Il corpo desidera solo acqua, bibite e pietanze fresche, e se pure l’ambiente è fresco meglio è; non è obbligatorio che l’ambiente sia condizionato artificialmente, basta che sia ventilato, ed è per questo motivo che si evita di sedere a tavola all’ora del pranzo, preferendo fare uno spuntino veloce, e rinviare il pasto nelle ore serali quando almeno il sole è calato e si può anche stare in terrazza o comunque all’aperto.
Chi scrive conserva ottimi ricordi di serate fresche trascorse nei celebrati (forse troppo) “chalet” di Castellammare di Stabia, dei quali c’è n’è ancora uno alla fine del lungomare, proprio di fronte ai famosi cantieri navali, una delle poche glorie che questa splendida e sfortunata città ha conservato.
In tali “chalet” sistemati a pochi metri dal mare e dalle fontanelle sempre zampillanti di “acqua della Madonna” (per un periodo chiuse perché sembra che quell’acqua, nonostante la Madonna, arrivasse inquinata), si mangiavano (e ancora si mangiano) cibi semplici, cucinati come in famiglia.
Uno di essi è la “caponata”, un ciambellone biscottato, bagnato, guarnito con melanzane, olive, peperoni, sale, pepe, olio di oliva rinforzato da quello leggermente piccante; ci sono poi i “lupini” adeguatamente salati, e la gustosissima insalata di polipi veraci; si possono anche mangiare ottimi spaghetti alle vongole, oppure ai frutti di mare.
Cucina genuina a basso prezzo.
A richiesta la caponata poteva essere sostituita da “Sua Altezza La Panzanella” che ha come base il ciambellone biscottato, o la “lingua” biscottata, meglio una fetta di adeguatamente inzuppata in acqua, guarnita con pomodori maturi, cetriolo, cipolla rossa, basilico, molo olio extravergine, sale e pepe: una fresca delizia per il palato.

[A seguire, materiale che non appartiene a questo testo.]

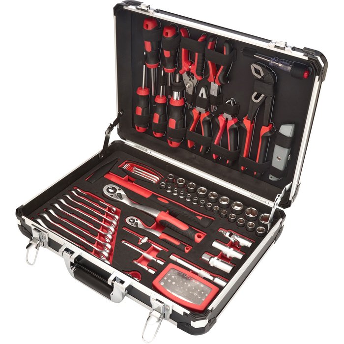 gefüllt mit reichhaltigem Sortiment für Haushalt, Werkstatt etc. z.B.: Bit-Schraubendreher, Universalmesser, Spannungsprüfer, Zangen u.v.m.
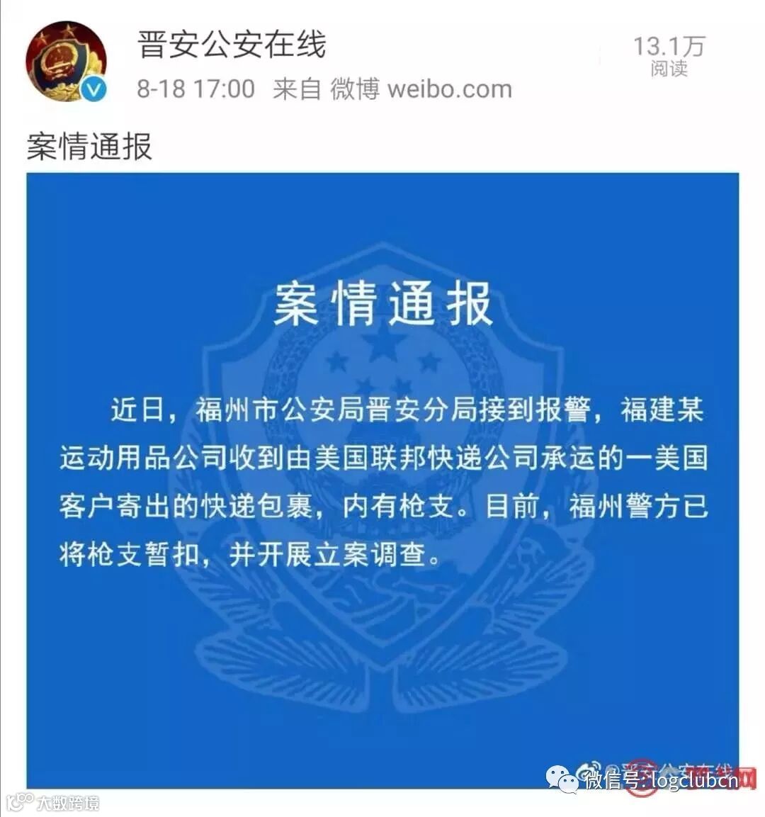 8月18日,晋安公安在线微博发出案情通报,称:福州市公安局晋安分居近期接到报警,福建某运动用品公司收到由美国联邦快递公司承运的一美国客户寄出的快递包裹,内有枪支。目前,福州警方已将枪支暂扣,并开展立案调查。(来源:罗戈网)

Questa squisitezza alimentare ha origini lontane, risalenti al Boccaccio (siamo nel 1300), e sembra che sia scaturita dalla necessità di recuperare il pane vecchio per non sprecarlo.
Quindi la panzanella è un piatto tipico della cucina toscana di origini contadine, semplice ma ricco di sapori genuini.
Si tratta di un’insalata estiva a base di pane raffermo, pomodori ramati, cipolla rossa e cetrioli, condita con olio d’oliva, aceto, sale e basilico fresco.
Un piatto di recupero molto amato che prevede il riutilizzo del pane secco, con una storia simile ad altri capisaldi della cucina italiana, come ribollita, acquacotta, pappa al pomodoro e pancotto pugliese.
La panzanella però, a differenza di queste ricette che fanno perlopiù parte della categoria delle zuppe e vengono quindi calde, è un’insalata fresca ed estiva che non prevede cottura.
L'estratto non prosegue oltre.